Многое в этом Антушеве не нравилось Варакину — и заносчивость, и грубые манеры, и надутые губы, и не в меру длинные — по теперешней моде — с пошлыми завитками на шее, нечесаные, как у неопрятной бабы, волосы, и стремительная репортерская беготня, и странные для этих мест старая польская курточка и красный берет.
Они работали в одной комнате, полутемной, со скрипучими половицами и препротивной дверью, которая всякий раз, когда ее открывали, громко, почти по-человечьи взвизгивала. Их столы стояли рядом. Николай Николаевич выставлял в сторону Антушева свою блестящую лысину, а тот — красный берет, он редко стягивал его с головы. В центре берета было пятно, узкое, продолговатое. Пятно казалось Николаю Николаевичу черным, но однажды, при свете солнца, проникающего вечерами в эту мрачную комнату, он увидел, что пятно темно-синего цвета. Длинные космы и красный берет — весьма оригинально. Иногда Антушев заявлялся в свитере, старом, заштопанном, и выглядел тогда совсем уж по-уличному. Николай Николаевич дивился: как может Антушев так небрежно одеваться? Сам Николай Николаевич всегда следил за одеждой. И в молодости, и теперь. Одевался не то чтобы модно, но опрятно, всегда, даже в жару, на нем дорогой костюм с непременным галстуком.
«Не понимают люди, что, напяливая дурацкие береты, какую попало одежду, они вредят себе, — думал Варакин. — Что прежде всего видит человек, входя в контору? Костюм, лицо работника. Ну и его манеры».
Антушев хлопает дверью, без надобности громко говорит, многословен. И по телефону рассуждает бог знает о чем — о новой пластинке, о цветном телевидении, об академике Королеве. На работу запаздывает, то на три минуты, то на десять. А однажды запоздал даже на полчаса. «Испортился будильник». И говорит об этом так это… спокойненько. Правда, вечерами он подолгу засиживается в конторе. Но порядок есть порядок…
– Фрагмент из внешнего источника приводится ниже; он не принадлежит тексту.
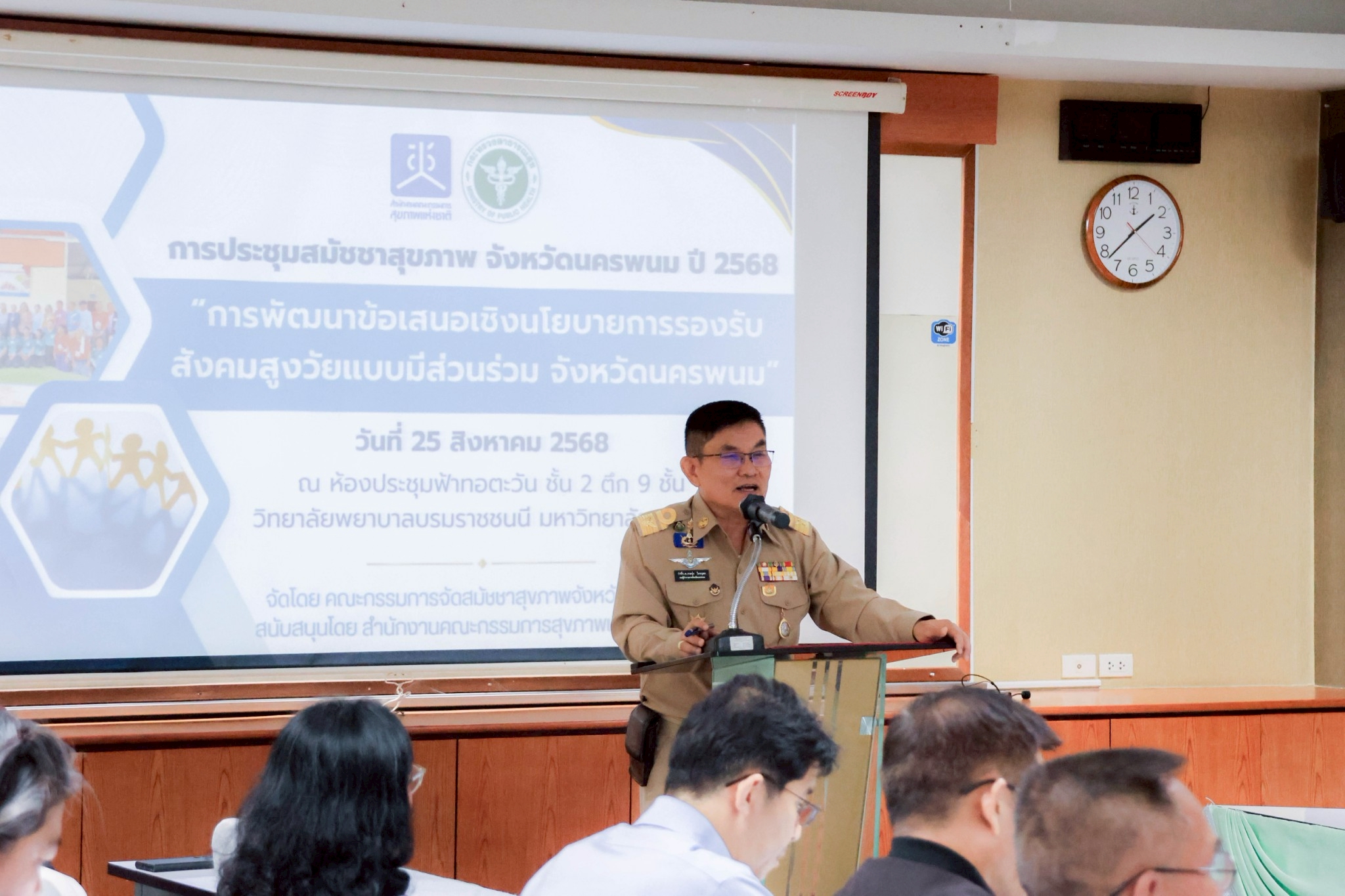 On August 25, 2025, Dr. Supranee Sithikan, Dean of Boromarajonani College of Nursing, Nakhon Phanom, Nakhon Phanom University, delivered the welcoming remarks at the Nakhon Phanom Provincial Health Assembly 2025 under the theme “Developing Policy Proposals for an Inclusive Approach to an Aging Society in Nakhon Phanom.” She emphasized the vital role of the College as a health education institution committed to advancing knowledge, research, and collaboration with partner networks to drive health policies and improve quality of life—particularly in addressing the pressing issue of an aging society.

Сам Николай Николаевич никогда в жизни не опаздывал. Ни на минуту. Он зимой и летом просыпается около шести, никакого будильника не надо. И это независимо от того, поздно лег или рано, работал накануне или отдыхал. И только редкие выпивки сбивали его с ритма, он просыпался позже. Он вообще был на удивление точен, пунктуален и не терпел даже малейшей разболтанности.
Неприязнь к Антушеву появилась сразу. С первого дня. Хотя нет. Не с первого… Слегка ошеломленный новой обстановкой, Николай Николаевич много говорил и смеялся, был со всеми ласков и вежлив. Все ему нравились, и, казалось, он тоже всем нравится. Антушева он не выделял из других. И только на третий или четвертый день ясно почувствовал холодную… нет, хуже — ледяную вежливость соседа, за которой люди обычно скрывают неприязнь. Пытаясь разбить этот лед, Николай Николаевич сказал что-то шутливое и услышал в ответ:
— М-да!..
В этом «м-да!» чувствовалась легкая насмешка.
«Хам! — мысленно обругал Варакин Антушева. — И, кажется, самолюбив до крайности».
Настроение у Николая Николаевича испортилось, он стал мрачен и молчалив.
Зазвонил телефон. Антушев сказал:
— Вас!..
Было самое обычное: человек поднял трубку и передал ее соседу. Но как передал: торопливо, небрежно. Так подают нищему. И смотрит куда-то в сторону, не то в окно, стекла которого покрыты ледком, не то в пустой угол кабинета. И потом… Почему телефонный аппарат должен быть на столе Антушева? Ведь телефон общий.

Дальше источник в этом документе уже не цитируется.